Issue metadata
Sign in to add a comment
|
Increase in ABORT errors for starting a new service worker |
||||||||||||||||||||
Issue descriptionRegression between 56.0.2888.0 and 56.0.2889.0 that has remained. 2888: ABORT 0.02%, EXISTS 93.80% 2889: ABORT 93.36%, EXISTS 0.02% https://uma.googleplex.com/p/chrome/histograms/?endDate=20161017&dayCount=7&histograms=ServiceWorker.StartNewWorker.Status&fixupData=true&showMax=true&filters=channel%2Ceq%2C1%2Csimple_version%2Ceq%2C56.0.2888.0%2Cisofficial%2Ceq%2CTrue&implicitFilters=isofficial https://uma.googleplex.com/p/chrome/timeline_v2/?sid=3c3c51483bfb5c6bdf6c21c36a5622ec I guess the EXISTS errors became ABORT errors.

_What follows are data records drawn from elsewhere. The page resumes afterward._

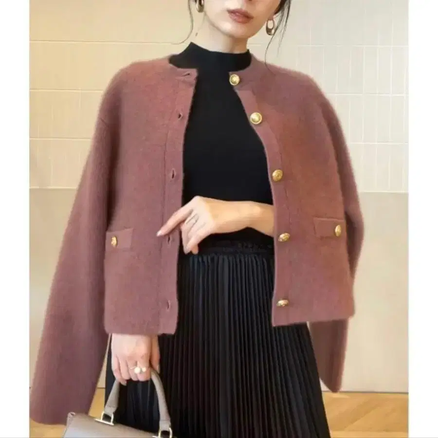 anuans 라쿤 블렌드 노카라 니트 자켓 핑크
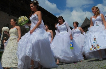 Півсотні дівчат у весільних сукнях взяли участь в параді наречених у Луцьку
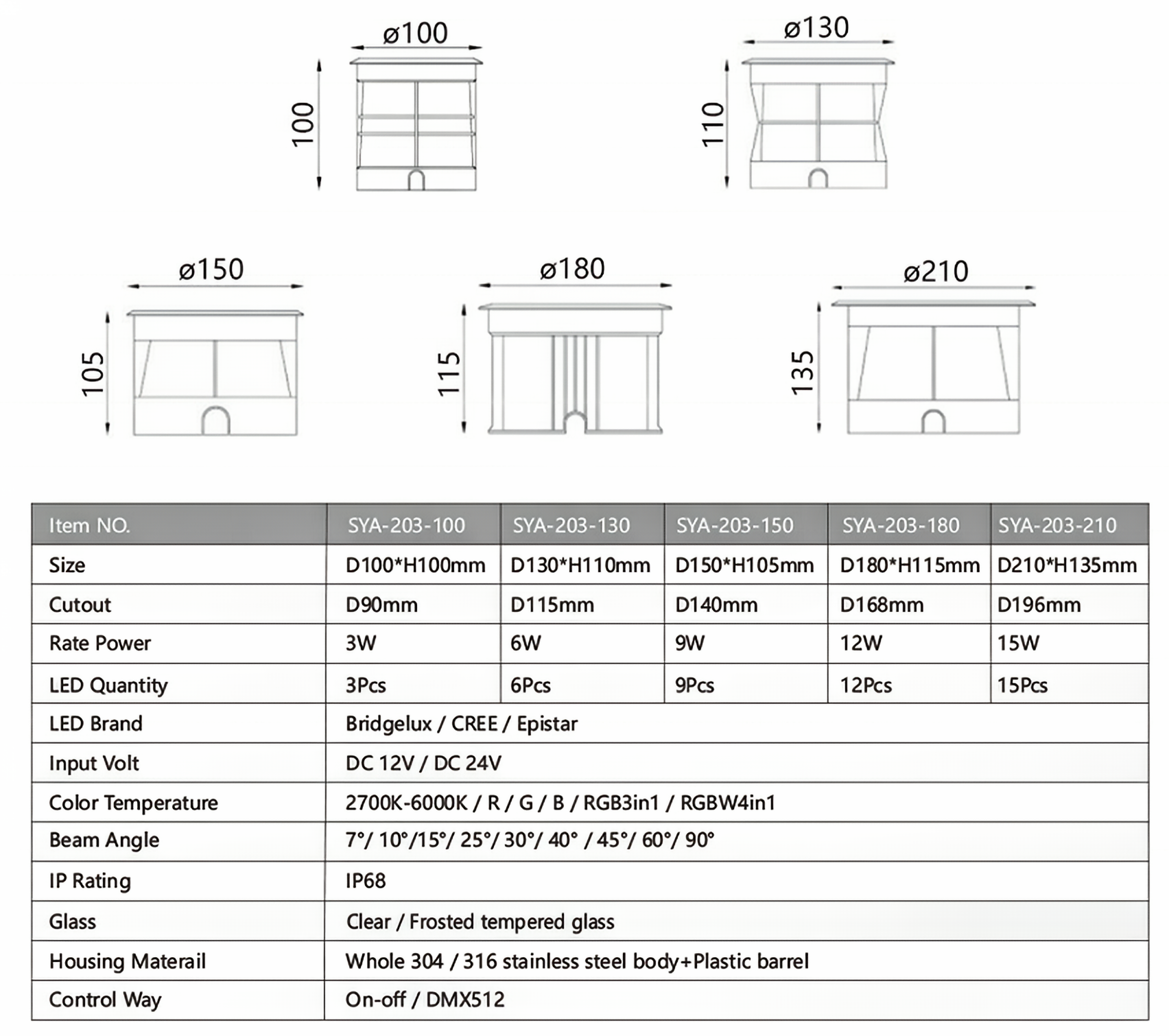 Lamp of material: 304 stainless steel,high transparent toughened glass,anti-aging silicone seal.

Probably doesn't have real user impact but the metrics have gotten confused. Change log: https://chromium.googlesource.com/chromium/src/+log/56.0.2888.0..56.0.2889.0?pretty=fuller&n=10000
,
Dec 22 2016
I guess nothing ever guaranteed it was going to stay alive. ServiceWorkerRegisterJob calls Stop() in Complete() and then releases the reference when its destructed.
,
Dec 22 2016
I think I see the cause. We switched the order of "WorkerStopped" and "ReleaseProcessRefCount" messages in https://codereview.chromium.org/2307543002 at EmbeddedWorkerDispatcher::WorkerContextDestroyed. The SWProviderHost for the SW would keep it alive until it stopped, but since the ref count hits 0 before that, the SWProviderHost itself gets destroyed and destructs the worker. These ordering assumptions are really fragile...
,
Dec 22 2016
More notes. Previously the order was: (1) EmbeddedWorkerHostMsg_WorkerStopped (2) ChildProcessHostMsg_ShutdownRequest Now the order is reversed. It appears ShutdownRequest is triggering ServiceWorkerProviderHost to be destructed before WorkerStopped arrives. But we can't fix this just by changing the ordering, since WorkerStopped is now sent via Mojo. We would need some "AssociatedInterface" work. It might not even be enough to guarantee the ordering. If the start or stop callbacks are not invoked synchronously or involve async tasks, the ServiceWorkerVersion can unexpectedly be destroyed once the ShutdownRequest message arrives. I'm not 100% sure the ordering was already guaranteed actually. WorkerStopped is sent via RenderThreadImpl::current()->thread_safe_sender() and ShutdownRequest is sent via ChildThreadImpl::Send(). Actually now I'm wondering why ScopedChildProcessReference is needed for service worker, since SWProcessManager also keeps track of running workers and keeps a ref count on the RenderProcessHost.
,
Dec 22 2016
Hum, SW's ScopedChildProcessReference was added in Nov 2013 https://codereview.chromium.org/54573002 and ServiceWorkerProcessManager in Apr 2014 https://codereview.chromium.org/238043002/
,
Dec 22 2016
OK ScopedChildProcessReference is a red herring. What's actually happening is the previous order:
(1) EmbeddedWorkerHostMsg_WorkerStopped
(2) ServiceWorkerHostMsg_ProviderDestroyed
got reversed. Now it's:
WorkerContextDestroyed()
- unregisters the worker
- WorkerWrapper is destroyed
- WebEmbeddedWorkerImpl is destroyed
- ServiceWorkerNetworkProvider is destroyed
SWNetworkProvider's dtor sends ServiceWorkerHostMsg_ProviderDestroyed in IPC or calls SWDispatcherHost::OnProviderDestroyed() in Mojo.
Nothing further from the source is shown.